Gravitational effect of virtual particles

1. Jul 31, 2014

trendal

If virtual particles are constantly popping in and out of existence all around us, what gravitational effect does this have? Even if they are here for the briefest of moments they should be effected by gravity and have their own gravitational effect on other matter...shouldn't they?

2. Jul 31, 2014

Chronos

At the particle level, as in atomic and subatomic, the gravitational force is so incredibly weak compared to the EM and nuclear forces, it can be safely ignored. Only at the macroscopic level does the force of gravity begin to flex its muscles.

3. Jul 31, 2014

Staff: Mentor

I believe the energy of virtual particles are accounted for as vacuum energy, so they shouldn't have any gravitational effects themselves. But the nature of virtual particles is extremely complicated. They aren't "real" particles and so they don't behave they way you would think they would.

4. Jul 31, 2014

Staff: Mentor

Well, vacuum energy does have a "gravitational" effect, in the sense that it works like dark energy, which causes the expansion of the universe to accelerate. That makes it a sort of "gravitational repulsion" instead of attraction, but I would still call it "gravitational" in the sense that it has to do with spacetime itself.

5. Aug 1, 2014

timmdeeg

Hmm, but how would you argue if someone insists that the positive vacuum energy acts gravitational attractive?

6. Aug 1, 2014

Staff: Mentor

I would point out that the math and actual observations say otherwise. Positive vacuum energy appears in the Einstein Field Equation as a positive cosmological constant, which, if you work out the math, produces repulsive "gravity", not attractive gravity. And this math matches actual observations (dark energy causing the expansion of the universe to accelerate).

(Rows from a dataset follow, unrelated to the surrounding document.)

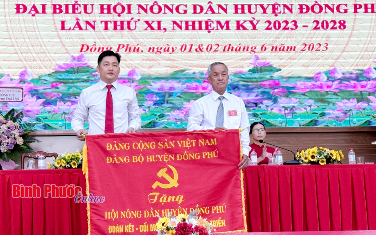 Bí thư Huyện ủy Đồng Phú Nguyễn Quốc Dũng tặng cờ cho Hội Nông dân huyện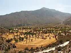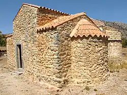 Limnakaro (Greek: Λιμνάκαρο) is a small (approx. 1000 m in the E-W direction and 600 m in the N-S) plateau located south of the Lasithi Plateau, near the villages of Avrakondes and Agios Georgios in eastern Crete, Greece.[1] Limnakaro lies at about 1120 m above sea level, at the feet of the Spathi summit that rises to 2148 m. Because of its altitude, the plateau is mainly used as grazing grounds for sheep and goats. It has a rich wild flora and grows a number of walnut, pear, apple and chestnut trees.[2] Despite a very small number of houses, there are no permanent residents at the plateau. At its western part there is a double nave church dedicated to the Holy Spirit (Agio Pnevma) that dates back to the second Byzantine period (i.e., 961-1204). The church was expanded in 1875 and has been recently restored. Limnakaro is on the European walking route E4; at a height of 1350m to its southwest in the Anestasi area there is a mountain shelter.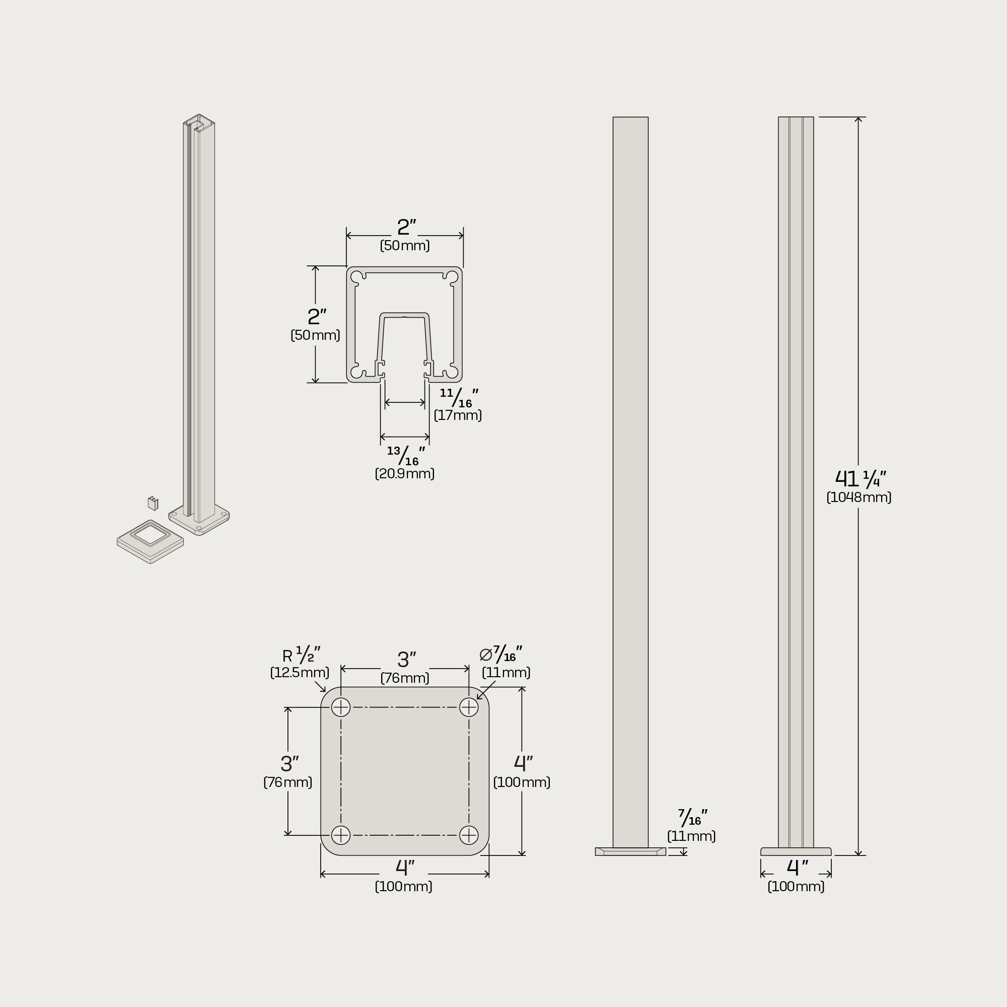 Portia - Aluminum Two-Way/180° Join Post Dimensions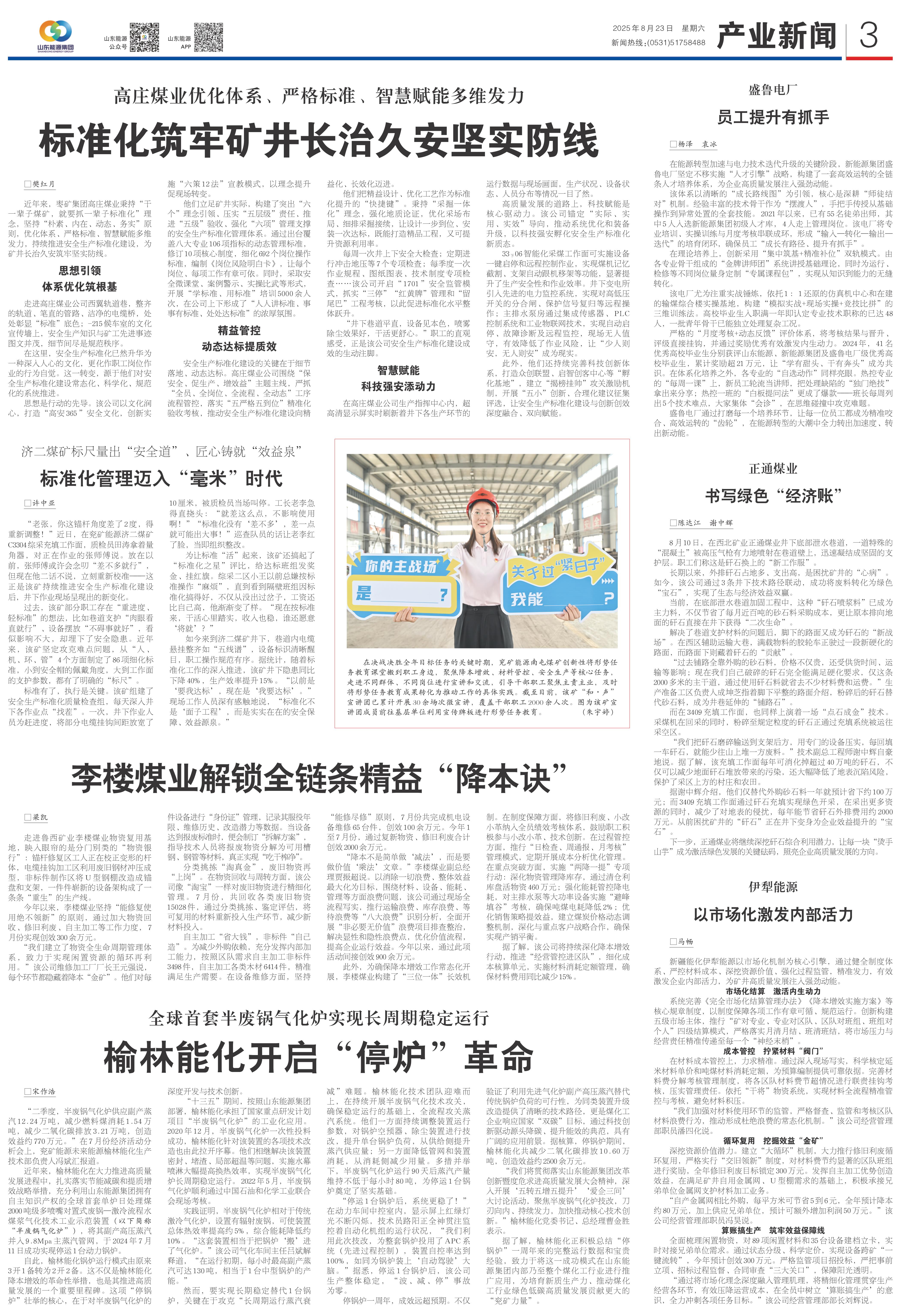 据了解,榆林能化正积极总结“停锅炉”一周年来的完整运行数据和宝贵经验,致力于将这一成功模式在山东能源集团内部乃至整个煤化工行业进行推广应用,为培育新质生产力、推动煤化工行业绿色低碳高质量发展贡献更大的“兖矿力量”。
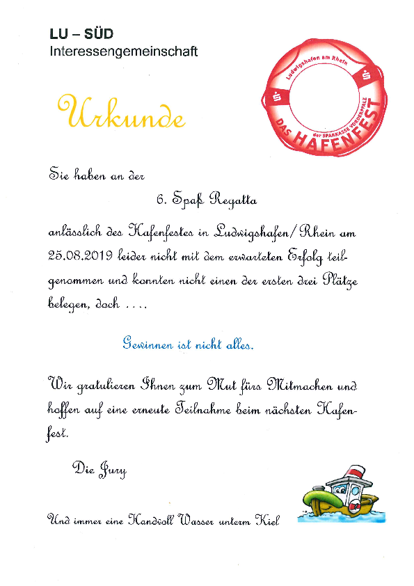 Die Lehrkräfte Paul Lungan-Horst und Jakob Sonne hatten für die Spaßregatta in diesem Jahr ein schwimmendes Klassenzimmer gebaut, welches allen feindlichen Attacken der anderen Teams erfolgreich standhielt und bei der Siegerehrung mit einem Gutschein für eine Prunksitzungskarte des KV Rheinschanze 1877 e.V. und der verdienten Urkunde der Interessengemeinschaft LU-SÜD ausgezeichnet wurde.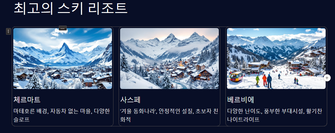 스위스 알프스에는 세계적인 스키 리조트들이 자리하고 있습니다. 각각의 리조트는 독특한 매력을 지니고 있어 여행 목적과 스타일에 따라 선택할 수 있습니다.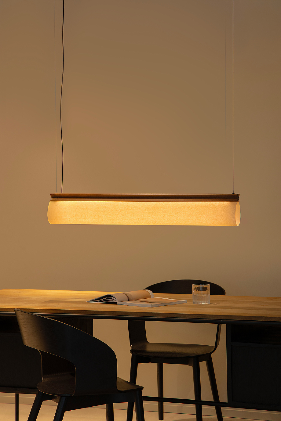 En su versión lineal suspendida, la pieza acentúa la dimensión horizontal y se concibe como un elemento sereno capaz de ordenar el espacio sin dividirlo. Dispuesta sobre una mesa, una isla o una zona de reunión, proyecta una línea continua de luz cálida que acompaña la arquitectura. Su volumen, ligero y casi etéreo, mantiene al mismo tiempo una presencia definida.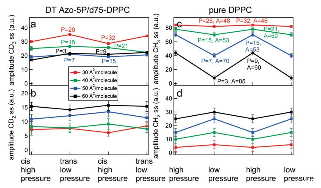 對于脂質(zhì)混合物,光開關狀態(tài)的影響明顯表現(xiàn)在表面壓力的變化中,但DT偶氮-5P順式和反式狀態(tài)之間的分子水平差異不太明顯。然而,在高密度和高壓下,CD3和CD2拉伸模式的振幅表現(xiàn)出與直覺相反的行為。與高壓狀態(tài)相比,在低壓狀態(tài)下,傳輸狀態(tài)下,CD3模式的振幅更大,CD2模式的振幅更小。對于DPPC的純層,壓力越高,CH3對稱拉伸模式的信號越高,CH2模式的信號越低。顯然,光開關的存在以一種不同的方式影響DPPC脂質(zhì)尾部的結(jié)構(gòu),這僅僅是因為壓力的變化。

In other words, you can't do physics by simple intuitive reasoning like "positive energy produces attractive gravity". You have to actually look at the math and the observations. Sometimes the math and the observations can be summarized in a simple intuitive rule; but sometimes they can't--the actual rule is more complicated, and the simple intuitive rule can lead you astray.

7. Aug 1, 2014

timmdeeg

Thanks. I understand that the observations require a cosmological constant, at least something that exerts negative pressure. But I wonder - besides its empirical evidence - which theory (quantum field?) predicts said negative pressure?
Please allow me another question regarding the quantum vacuum in this context. As virtual particles and also photons due to annihilation of virtual particle / antiparticle pairs are not real, why then is the result 'real' energy density (regardless of its pressure)?

8. Aug 1, 2014

Staff: Mentor

The Einstein Field Equation with cosmological constant predicts it: you just move the cosmological constant term to the RHS and interpret it as a stress-energy tensor associated with the vacuum. Then it's easy to show that, for a positive cosmological constant (i.e., positive when it's on the LHS of the equation), this SET has positive energy density and negative pressure.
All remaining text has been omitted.